The White House has maintained publicly it has all the money it needs to address the pandemic and safeguard the country’s economic recovery, pointing to the passage of the roughly $1.9 trillion American Rescue Plan last spring. That includes billions in unspent assistance set aside for hospitals and other public health providers, for example, and sizable sums allocated to cities and states to use as they see fit.
Privately, though, the Biden administration has also been working on a proposal that could commit further aid toward boosting hospitals, manufacturing more rapid tests and distributing inoculations, sources previously told The Washington Post.

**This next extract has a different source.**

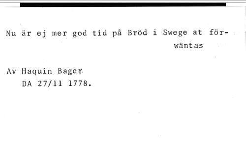 Nu är ej mer god tid på Bröd i Swege at för- //// wänt as //// Av Haquin Bager. DA 27/11 1778.

For some Democrats, the chief concern is global vaccine distribution. More than 80 party lawmakers signed on to a letter in December calling for at least $17 billion to help other countries access the two-shot regimen, which could help reduce the emergence of new variants. Some of the Democrats, including Rep. Pramila Jayapal (D-Wash.), had previously unveiled a bill that requested $34 billion to that end.
But Republicans have grown critical about the renewed calls for coronavirus aid, questioning whether such spending is necessary. Last week, for example, GOP Sens. Roy Blunt (Mo.) and Richard Burr (N.C.) called on the Biden administration to detail how it spent roughly $82 billion in money set aside for testing, given the fact Americans continue to struggle to obtain access to diagnostic tools as omicron sweeps the nation.
Jeff Stein contributed to this story.